Nicolas Maduro’s Insults / 14ymedio, Luis Nieto

The secretary general of the Organization of American States, Luis Almagro. (OAS)
The secretary general of the Organization of American States, Luis Almagro. (OAS)

Background from Translating Cuba: Uruguayan Luis Almargo, secretary-general of the Organization of American States, sent a letter to Venezuela’s National Electoral Council this November regarding potential irregularities in the upcoming elections and condemning the assassination of an opposition politician at a campaign rally. Venezuelan president Nicolas Maduro responded by saying, “to call Almagro a piece of trash is an insult to trash.”

14ymedio bigger14ymedio, Luis Nieto, 5 December 2015 – It is not Nicolas Maduro’s insults that provoke sadness, but rather the reaction of Luis Almagro’s compatriots, because the current secretary general of the Organization of American States (OAS) is a Uruguayan senator from the Popular Participation Movement (MPP), the majority group of the Broad Front (Frente Amplio). If the ex-president and senator José Mujica and the MPP are informed about the Venezuelan situation, it is even more incomprehensible that they can be so hard on Almargo, who is demanding guarantees for the opposition within a democratic system, as required by Mercosur (the Southern Common Market) of its partners.

Or perhaps Almagro was unknown to ex-president Mujica or was imposter during his tenure as Foreign Minister in Mujica’s administration. What matters now is knowing whether the OAS secretary general will fulfill the duty of overseeing the quality of democracy of the countries that make up the institution that he leads, or will be distracted, like his predecessor José Miguel Insulza was, when he served at the head of the regional institution.
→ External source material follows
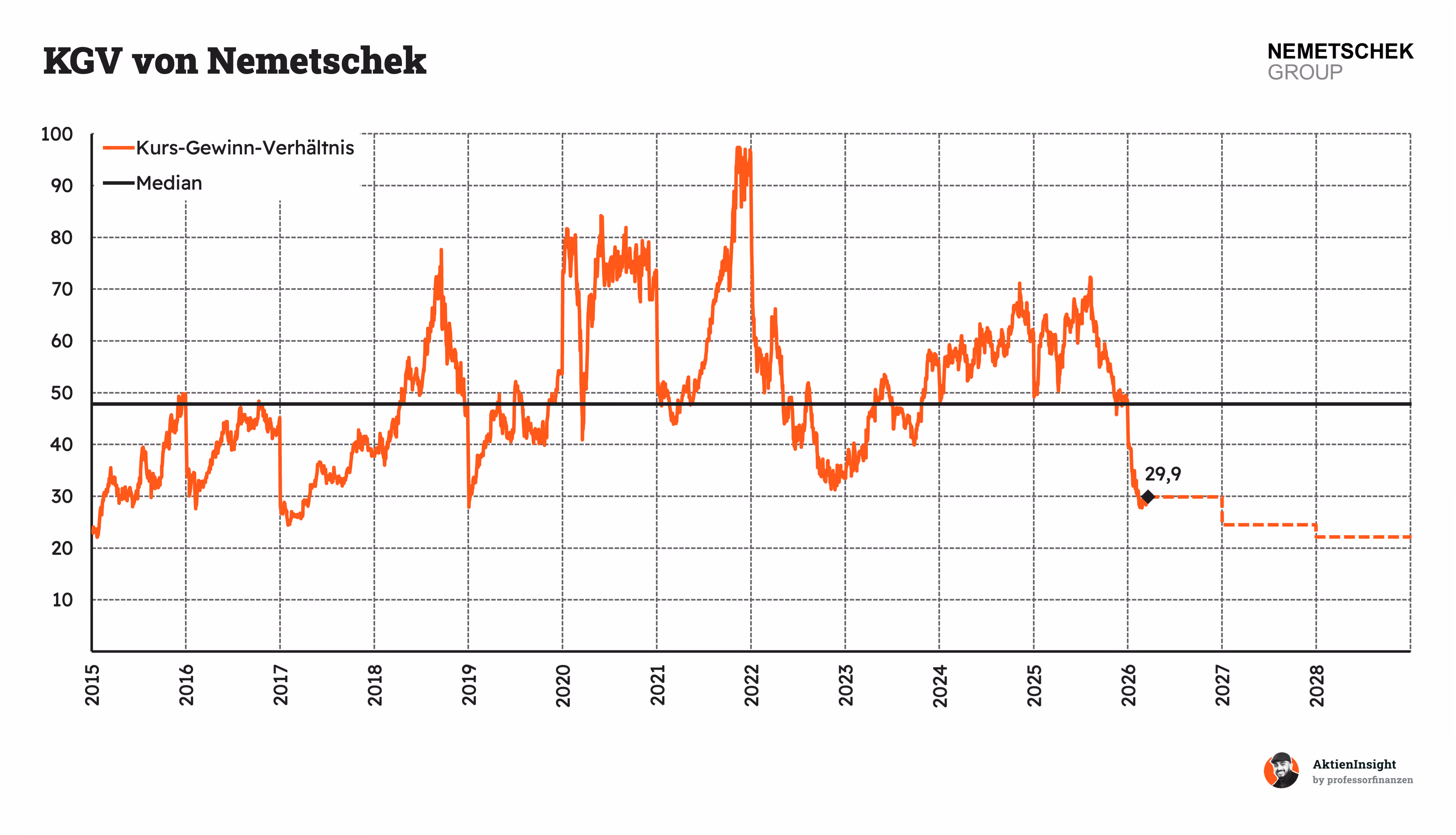 Das aktuelle KGV liegt bei etwa 29,9 und damit rund 37 % unter dem Median von 47,8. Auch auf Basis der Gewinne ist die Aktie damit deutlich günstiger als historisch üblich. In der Vergangenheit war Nemetschek häufig mit sehr hohen Gewinnmultiples bewertet, was die starke Marktstellung und Wachstumsfantasie widerspiegelt.

In Venezuela, we have seen the closing of newspapers and the purchase of radio and TV stations with public funds and their subsequent operation by Chavistas; the express dismissal of elected deputies at the will of the president of the National Assembly and the regime’s number two, Lieutenant Diosdado Cabello; the imprisonment on false evidence of governors and mayors elected by popular vote; the detention and prosecution of students simply for demonstrating in the streets; the financing and provisioning of paramilitary groups such as El Picure which, curiously, is now mentioned as possibly responsible for the assassination of the Social Democrat leader Luis Manuel Diaz; use of the Venezuela’s state-owned oil company (PDVSA) for partisan purposes, because none of this could have been done without generous cash.

Venezuela lacks nothing that one would see in any dictatorship, although, it is true, it maintains a very thin crust of democratic formality. Lately we have heard the argument that in the Caribbean the kind of insult Maduro uses to disqualify Almargo is nothing unusual. It is also true that Chavez dispatched insults with pleasure when he wanted to illustrate his contempt toward someone. And in Cuba, as well, the term “worm” is applied to those who oppose the Castro regime.

But wanting to generalize this behavior to the entire Caribbean region is an unjustified excuse not to clearly reject Maduro’s insult to Almagro. He said it one, two, three, several times and from various angles, so as to leave no doubt. He is accustomed to showing the whip to his friends, and has called the Uruguayan vice president a coward. Who’s next?

Almagro isn’t speaking based the politics that drove the president he served under, Mujica, he is the highest authority of the OAS, and it is logical that his opinion represents the plurality of the countries that make up that organization, and which are beginning to tire faced with a regime that only flees forward, indebting the country to China and Russia to disguise its extravagances.

Maduro, a cocky blowhard who doesn’t respond to ridicule as he relates in details the conversations he has with birds, still generates some kind of expectation in the Latin American left. In private, the whole world is laughing at him, but he continues to feed the hopes that this is the path to socialism.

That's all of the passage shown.